- Opening Delimiter -

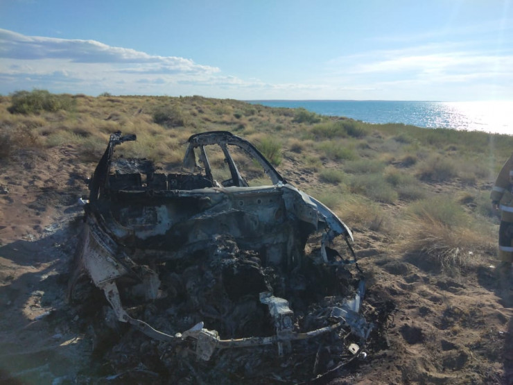 В Алматинской области водитель кроссовера застрял на берегу озера Балхаш, после чего автомобиль полностью сгорел, сообщает корреспондент Tengrinews.kz.
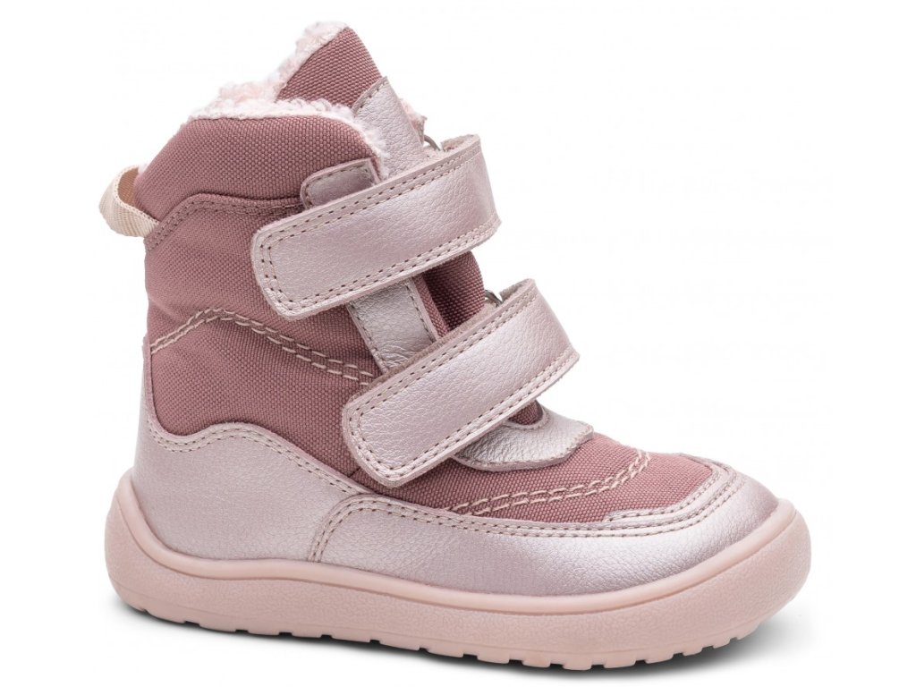 Dievčenské barefoot zimné topánky sú vyrobené z hladkej, umývateľnej kože a textílie v staroružovej farbe s perleťovým efektom.Topánky sú vyššieho strihu. Membrána PROTEX účinne chráni nohy pred dažďom a vlhkosťou. Dva suché zipsy pevne fixujú topánku na nohe. Vo vnútri sa nachádza netvarovaná, vyberateľná flísová stielka a mäkká kožušinka pre ešte väčší komfort.
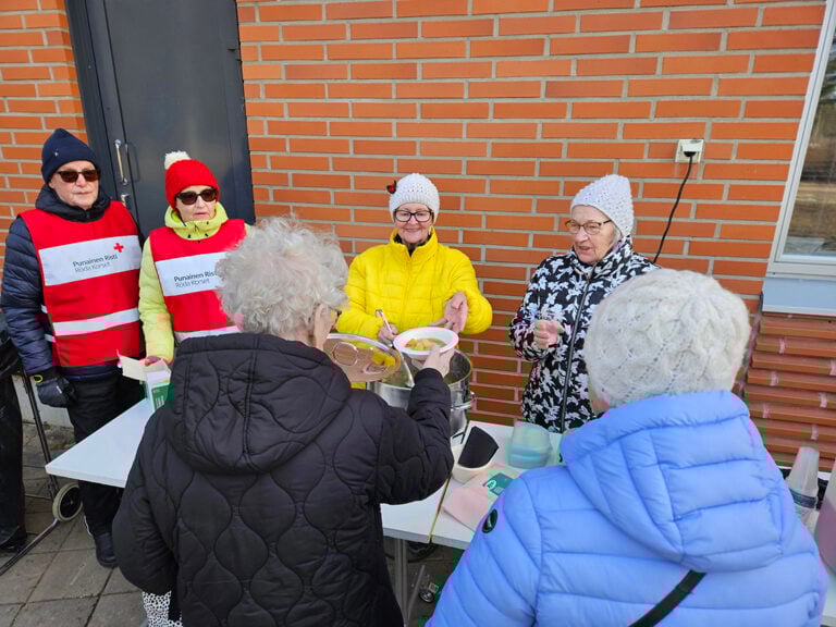 Toimitalon seinustalla leijailee hyvä tuoksu: Suomen Punaisen Ristin Rantalakeuden osaston vapaaehtoiset tarjoilevat valmistamaansa keittoa.
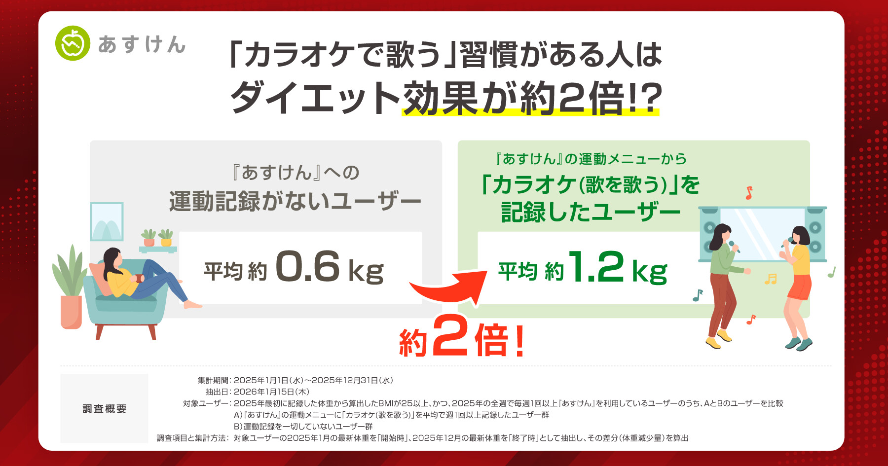 もしもそんなジレンマに悩んでいるのなら「カラオケ」に行くのはどう? というのも、あすけんによると「カラオケで歌う習慣がある人はダイエット効果が約2倍」あるというのです。
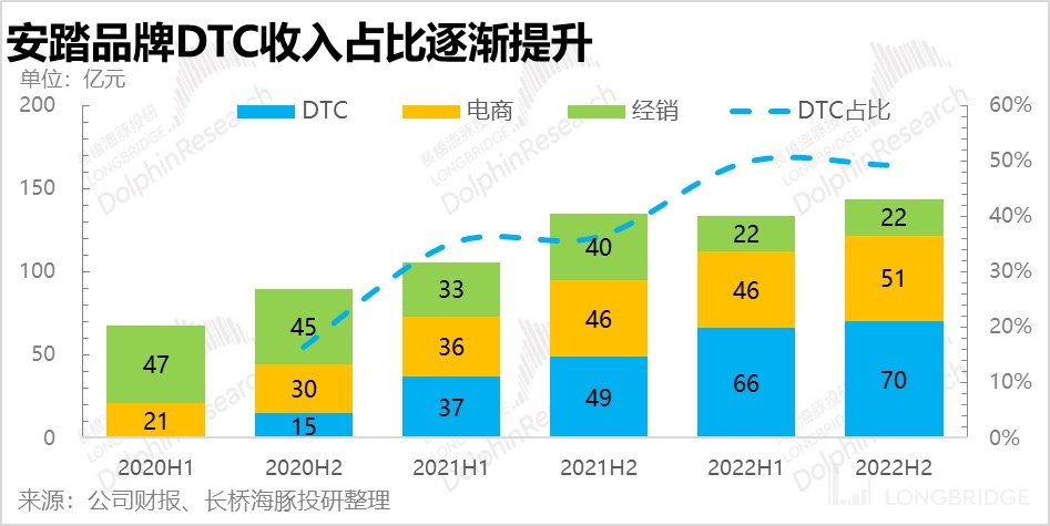 尤其是去年下半年,通过电商以及国内持续做 DTC 模式转型有正面贡献,使得安踏品牌还能有个位数的增长。公司自从 20 年做 DTC 以来占比提升的很快,很快就达到 50%。这样做的优势优势在于可以更有利的管理渠道,保持增长的稳定性,但是同时也将背负着更多的存货。
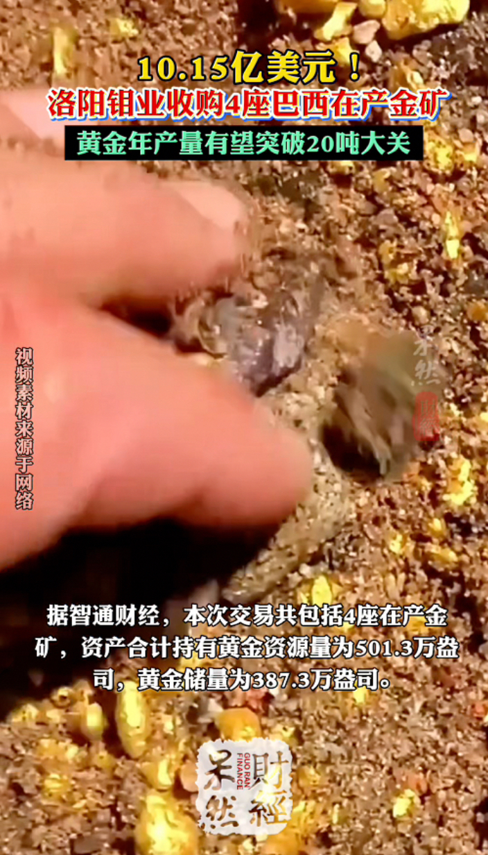 果然财经|10.15亿美元!洛阳钼业收购4座巴西在产金矿齐鲁晚报·齐鲁壹点客户端 13:30原创12月15日,洛阳栾川钼业集团股份有限公司发布公告称,控股子公司洛阳钼业控股有限公司及其下属新设全资子公司与加拿大上市公司 Equinox Gold Corp.及其全资子公司Leagold Mining Corporation签署协议。据智通财经,将以总计10.15亿美元的对价收购位于巴西三个金矿资产的100%权益,包括Aurizona 金矿、RDM 金矿以及Bahia综合矿区。

- Closing Delimiter -

Exactly as they stand, set down the lines from the start of the material through the line with "尤其是去年下半年,通过电商以及国内持续做 DTC 模式转型有正面贡献,使得安踏品牌还能有个位数的增长。公司自从", both ends included, omitting the pictures.

Your response:
 В Алматинской области водитель кроссовера застрял на берегу озера Балхаш, после чего автомобиль полностью сгорел, сообщает корреспондент Tengrinews.kz.
 Dievčenské barefoot zimné topánky sú vyrobené z hladkej, umývateľnej kože a textílie v staroružovej farbe s perleťovým efektom.Topánky sú vyššieho strihu. Membrána PROTEX účinne chráni nohy pred dažďom a vlhkosťou. Dva suché zipsy pevne fixujú topánku na nohe. Vo vnútri sa nachádza netvarovaná, vyberateľná flísová stielka a mäkká kožušinka pre ešte väčší komfort.
 Toimitalon seinustalla leijailee hyvä tuoksu: Suomen Punaisen Ristin Rantalakeuden osaston vapaaehtoiset tarjoilevat valmistamaansa keittoa.
 もしもそんなジレンマに悩んでいるのなら「カラオケ」に行くのはどう? というのも、あすけんによると「カラオケで歌う習慣がある人はダイエット効果が約2倍」あるというのです。
 尤其是去年下半年,通过电商以及国内持续做 DTC 模式转型有正面贡献,使得安踏品牌还能有个位数的增长。公司自从 20 年做 DTC 以来占比提升的很快,很快就达到 50%。这样做的优势优势在于可以更有利的管理渠道,保持增长的稳定性,但是同时也将背负着更多的存货。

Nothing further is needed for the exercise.